● Exercise goal: Print out every line of the material exactly. Include no pictures.

____ Data below

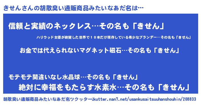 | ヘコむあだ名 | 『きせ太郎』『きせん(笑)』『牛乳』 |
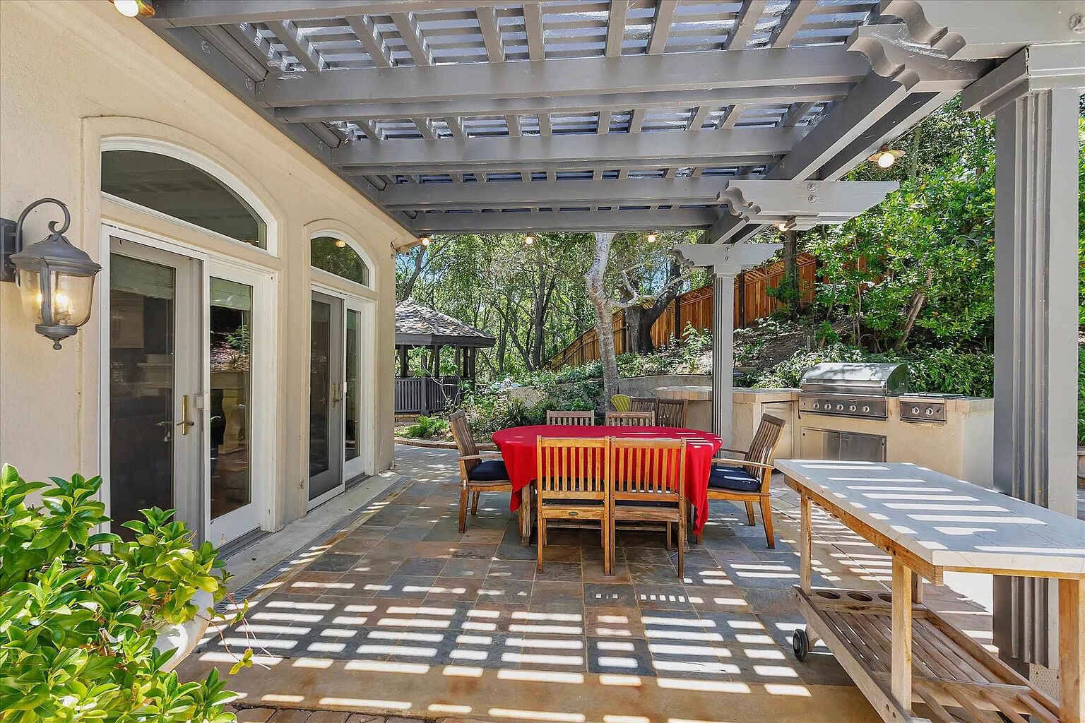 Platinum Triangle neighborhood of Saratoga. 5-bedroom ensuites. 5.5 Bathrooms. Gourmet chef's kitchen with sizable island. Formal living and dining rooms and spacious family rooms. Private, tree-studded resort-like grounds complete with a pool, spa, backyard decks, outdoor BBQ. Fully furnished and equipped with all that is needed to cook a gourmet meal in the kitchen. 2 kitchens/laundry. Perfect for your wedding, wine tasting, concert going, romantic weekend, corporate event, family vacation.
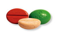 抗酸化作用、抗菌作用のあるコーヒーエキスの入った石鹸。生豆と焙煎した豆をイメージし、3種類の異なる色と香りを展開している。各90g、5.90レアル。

________

● Completed task:
 | ヘコむあだ名 | 『きせ太郎』『きせん(笑)』『牛乳』 |
 Platinum Triangle neighborhood of Saratoga. 5-bedroom ensuites. 5.5 Bathrooms. Gourmet chef's kitchen with sizable island. Formal living and dining rooms and spacious family rooms. Private, tree-studded resort-like grounds complete with a pool, spa, backyard decks, outdoor BBQ. Fully furnished and equipped with all that is needed to cook a gourmet meal in the kitchen. 2 kitchens/laundry. Perfect for your wedding, wine tasting, concert going, romantic weekend, corporate event, family vacation.
 抗酸化作用、抗菌作用のあるコーヒーエキスの入った石鹸。生豆と焙煎した豆をイメージし、3種類の異なる色と香りを展開している。各90g、5.90レアル。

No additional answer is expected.